Governments usage of tax
>Governments often put extra indirect taxes on goods that have negative externalities.
>Governments may use multiple indirect taxes on one item, e.g. in the UK cigarettes have a specific tax (called excise duty) and an ad valorem tax on their retail price.
>The aim of taxation is to internalise the externality that the good produces, i.e. make the producer and/or consumer of the product cover the cost of its externalities.
>The taxes make revenue for the government which can be used to offset the effects of externalities - e.g. the revenue generated from a tax on alcohol could be used to pay for additional police time needed to deal with alcohol related crime.
>Another example of a specific tax used in the UK is landfill tax. The tax aims to reduce the impacts of environmental market failure linked to landfill/
How does landfill tax reduce impacts of environmental market failure?
>Local authorities/firms that dispose of waste at landfill sites are charged an environmental tax.
>The tax is set at an amount which attempts to reflect the full social costs of using landfill.
>Tax should encourage recycling reducing negative externalities.
>Although could lead to fly-tipping.
Amount of tax paid
>The amount of tax passed on to the consumer will depend on the price elasticity of demand.
>If demand for a good is price inelastic, most or all of the extra cost is likely to be passed on to the consumer.
>If the demand for a good is price elastic then the producer is much more likely to take on most of the extra cost.
Advantages of tax to reduce market failure
>The cost of the negative externalities is internalised in the price of the good - this may reduce demand for the good and the level of its production, reducing the effects of the negative externalities.
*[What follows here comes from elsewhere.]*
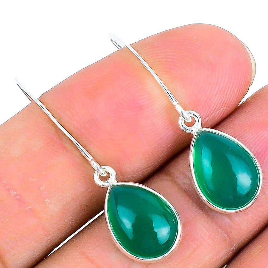 Green Onyx Gemstone Sterling Silver Bezel Drop Dangle Daughter Wedding Earrings

>If demand isn’t reduced there’s still the benefit that the revenue gained from the tax can be used by the government to offset the externalities. Tax hypothecation.
Disadvantages of tax to reduce market failure
>It can be difficult to put a monetary value on the ‘cost’ of the negative externalities.
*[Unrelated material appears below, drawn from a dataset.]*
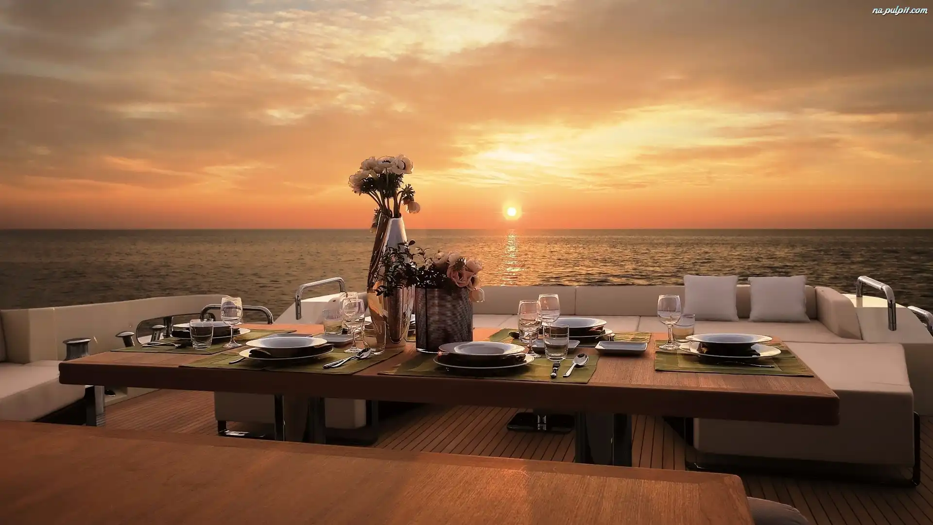 Jacht, Słońca, Zachód, Morze, Stolik Na Pulpit
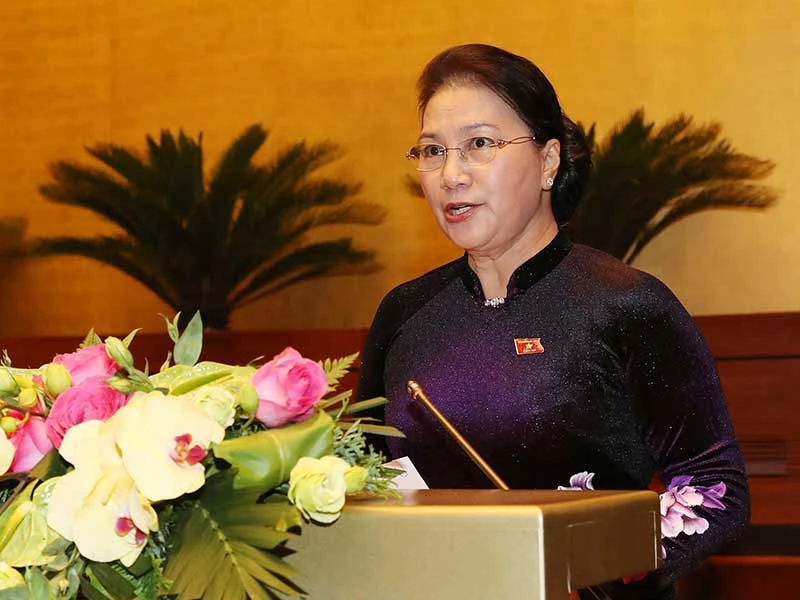 Chủ tịch Quốc hội Nguyễn Thị Kim Ngân phát biểu bế mạc kỳ họp thứ 8, Quốc hội khóa XIV. Ảnh: TTXVN

>For goods where demand is price inelastic, the demand isn’t reduced by the extra cost of the tax.
>Indirect taxes usually increase the cost of production, which reduces a product’s international competitiveness.
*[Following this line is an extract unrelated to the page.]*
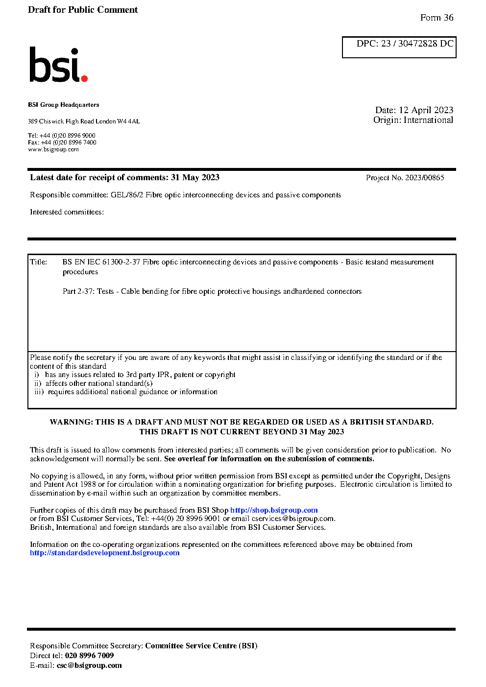 BS EN IEC 61300-2-37. Fibre optic interconnecting devices and passive components. Basic test measurement procedures Part 2-37. Tests. Cable bending for fibre protective housings hardened connectors
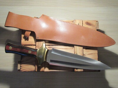 Das Messer wird inklusive hochwertiger und sehr robuster brauner Echtlederscheide

>Firms may choose to relocate and sell their goods abroad to avoid the indirect taxation. This would remove their contributions to the economy, such as the payment of tax and the provision of employment.
>The money raised by taxes on demerit goods might not be spent on reducing the effect of their externalities.
Subsidies
>The government may pay subsidies with the aim of encouraging the production and consumption of goods and services with positive externalities.
>A subsidy increases the supply of a good/service, so the supply curve shifts to the right.
>Subsidies can be used to encourage the purchase and use of goods/services which reduce negative externalities. E.g. public services to reduce pollution, or as support for firms to help them become more internationally competitive.
>Both consumers and producers can gain from a subsidy.
>The proportion of the subsidy producers and consumers benefit from depends on the elasticity of the supply and demand curves.
>Sometimes subsidies might be given directly to consumers instead.
Subsidies - advantages
>The benefit of goods with positive externalities is internalised, i.e. the cost of these externalities is covered by the government subsidy, so the price of the goods is reduced from what it would be in the absence of a subsidy.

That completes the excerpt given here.